[Data excerpts]
== Segment start ==

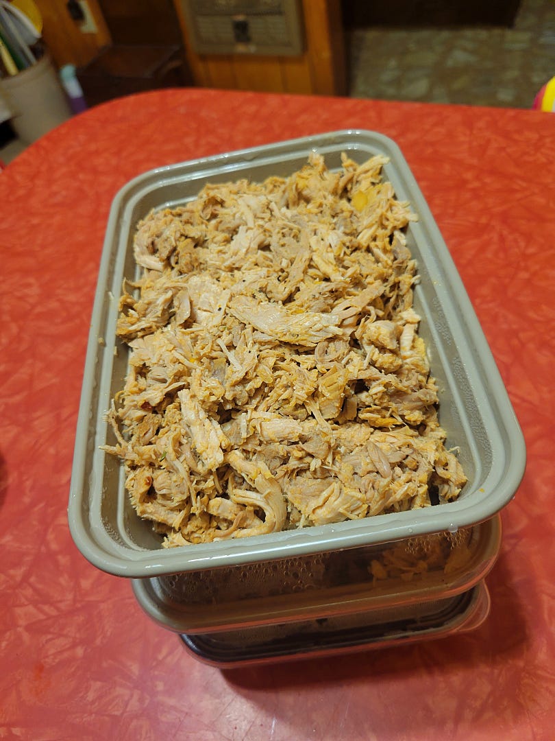 My final tally was seven pounds of pulled pork loin. Add one buck per pound for “costs" and my price per pound is $4.25
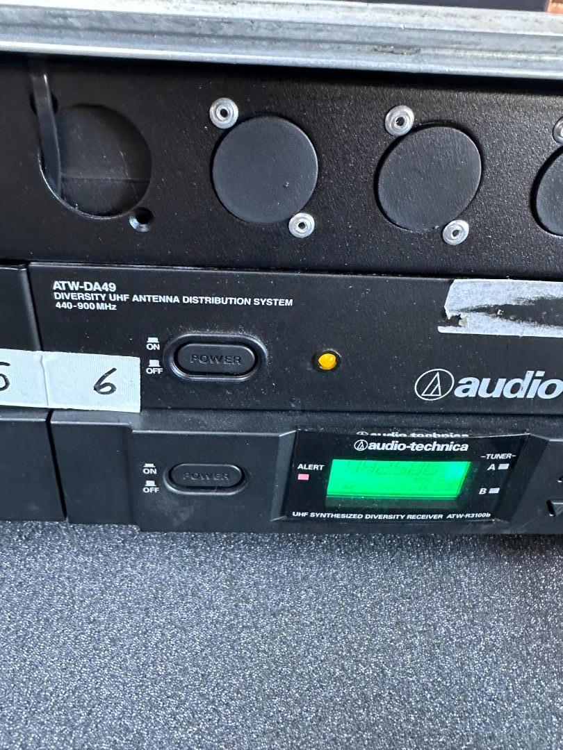 2x Audio-Technica ATW-R3100b Funkempfänger im Rack – inkl. Antennensplitter, Patchfeld, Schublade
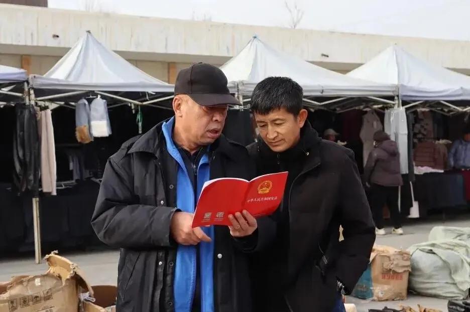 为弘扬宪法精神,筑牢团场居民的法治信仰,11月28日,第五师九十一团司法所紧抓团场集市人流密集的有利时机,将一场“带露珠、冒热气”的宪法宣传教育活动直接送到群众身边。他们以“面对面讲解、心贴心交流”的方式,让抽象的法律条文化作寻常烟火里的行为准则,将法治的种子撒进百姓心田。
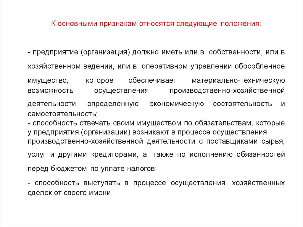 К основными признакам относятся следующие положения:- предприятие (организация) должно иметь или в собственности, или в
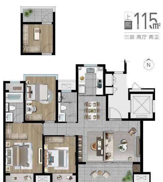 该户型还有一个亮点,就是南北双阳台的设计,北阳台既可以保留,也可以打通作为卧室、书房、游戏室,根据业主的需求,随心而定。
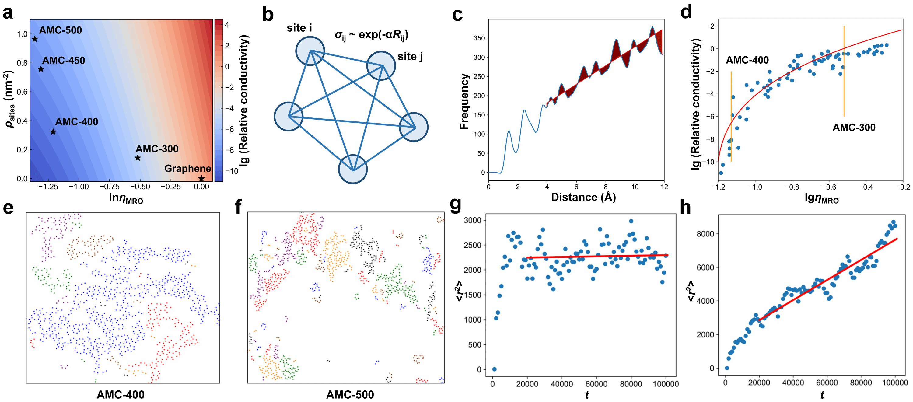 图2:二维非晶碳构效关系理论计算模型。a.计算得到的电导随着“跳跃岛密度”和“中程序”两个描述符的二维相图,其中黑色点代表不同温度下合成的样品。b.电导计算的跳跃模型。c.“中程序”参量的定义。d.计算的电导随着“中程序”的变化关系。e-f.两种典型的二维非晶碳模型。g-h.针对e-f中的结构由蒙特卡洛计算得到的均方位移随着时间的变化关系。
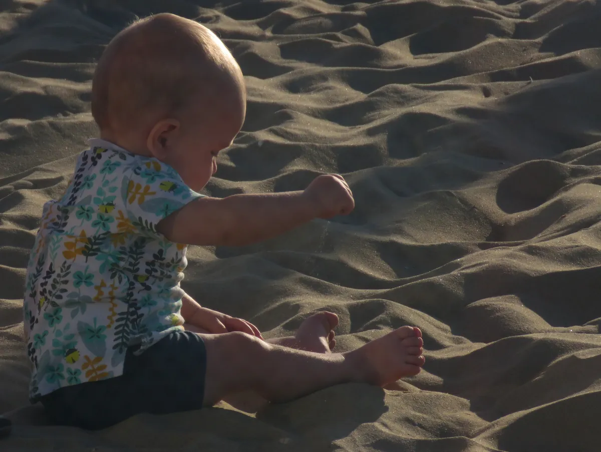 my grandson makes the first acquaintance with sand from the beach
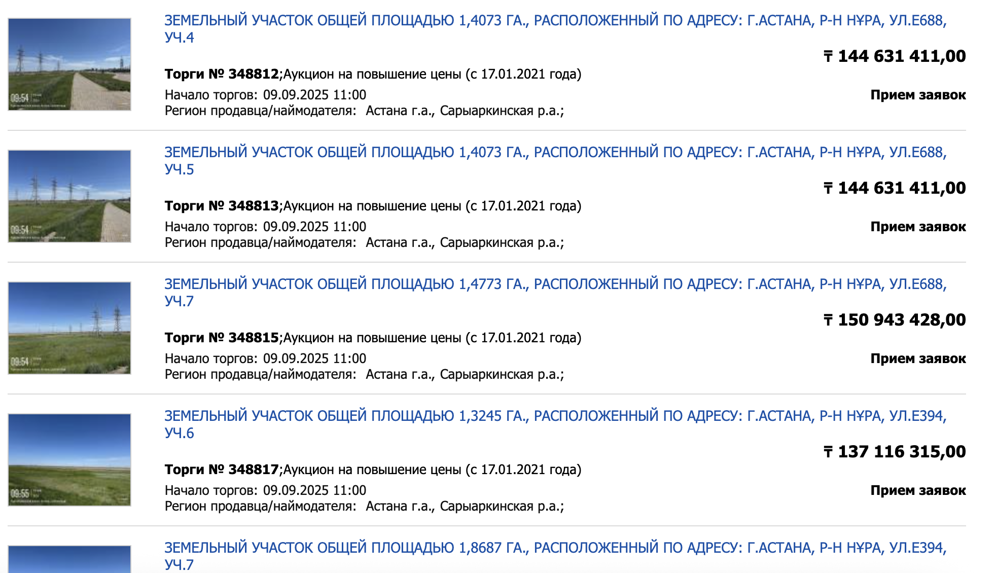 Все эти земли находятся в районе Нура, но имеют разное назначение: от личного строительства до сельскохозяйственной деятельности. Стоимость тоже приличная — от пары десятков до нескольких сотен млн тенге. Общая стоимость всех земель — 11,7 млрд тенге.
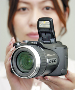طوكيو، اليابان أسرع كاميرا رقمية في العالم بإمكانية تصوير قدرها 60 صورة في الثانية ودرجة وضوح قدرها 6.0 ميجا بكسل. وهي من إنتاج شركة كاسيو اليابانية ويتوقع طرحها في الأسواق في العام المقبل.
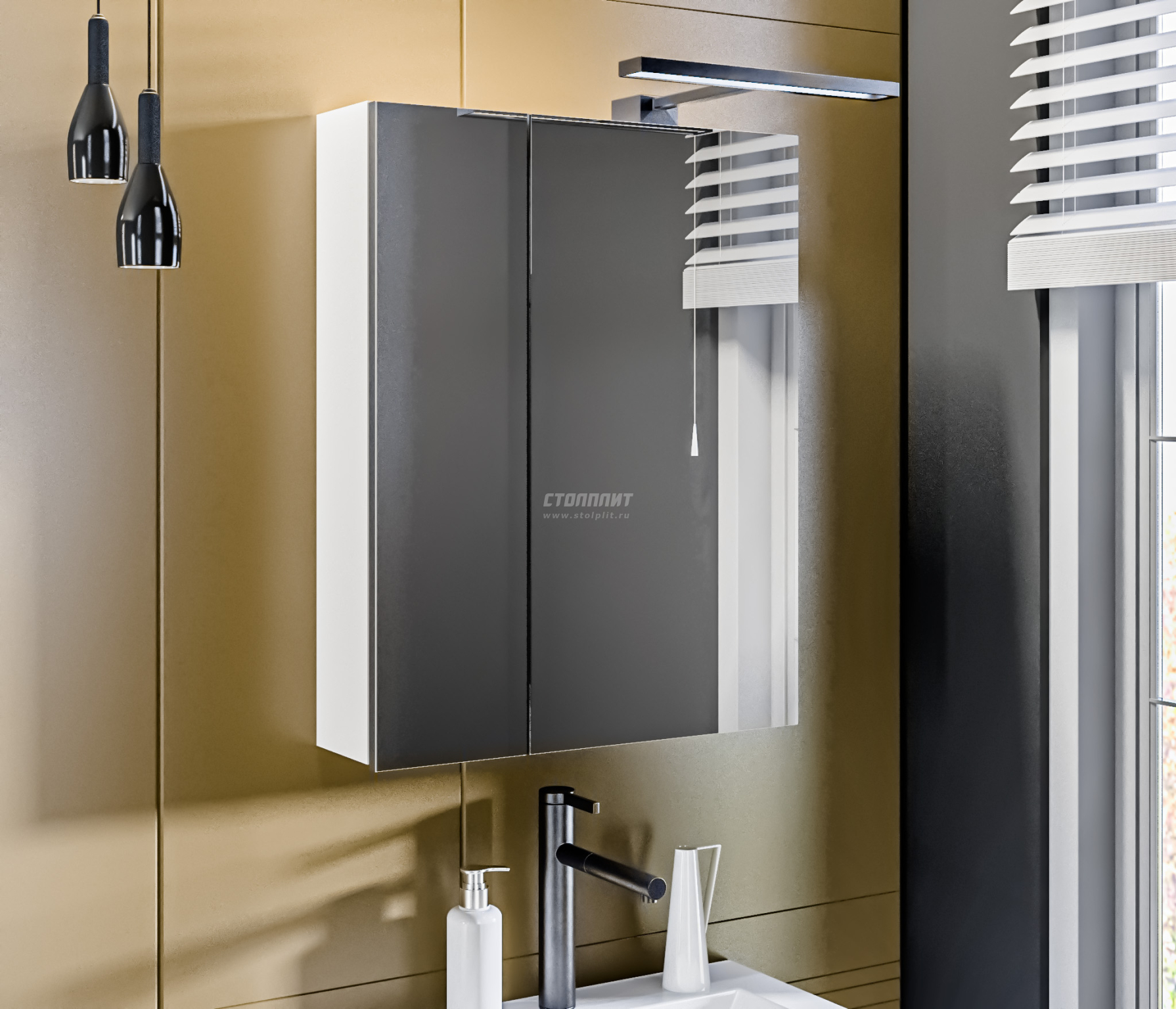 Шкаф 2х дверный с зеркалом Люкс СБ-3152 Белый

== Segment end ==

■ **Task instructions**
An exact copy is needed of every line from the one holding "图2:二维非晶碳构效关系理论" to the end of the entries above, both ends kept and each picture dropped.

■ **Exercise answer**
 图2:二维非晶碳构效关系理论计算模型。a.计算得到的电导随着“跳跃岛密度”和“中程序”两个描述符的二维相图,其中黑色点代表不同温度下合成的样品。b.电导计算的跳跃模型。c.“中程序”参量的定义。d.计算的电导随着“中程序”的变化关系。e-f.两种典型的二维非晶碳模型。g-h.针对e-f中的结构由蒙特卡洛计算得到的均方位移随着时间的变化关系。
 my grandson makes the first acquaintance with sand from the beach
 Все эти земли находятся в районе Нура, но имеют разное назначение: от личного строительства до сельскохозяйственной деятельности. Стоимость тоже приличная — от пары десятков до нескольких сотен млн тенге. Общая стоимость всех земель — 11,7 млрд тенге.
طوكيو، اليابان أسرع كاميرا رقمية في العالم بإمكانية تصوير قدرها 60 صورة في الثانية ودرجة وضوح قدرها 6.0 ميجا بكسل. وهي من إنتاج شركة كاسيو اليابانية ويتوقع طرحها في الأسواق في العام المقبل.
 Шкаф 2х дверный с зеркалом Люкс СБ-3152 Белый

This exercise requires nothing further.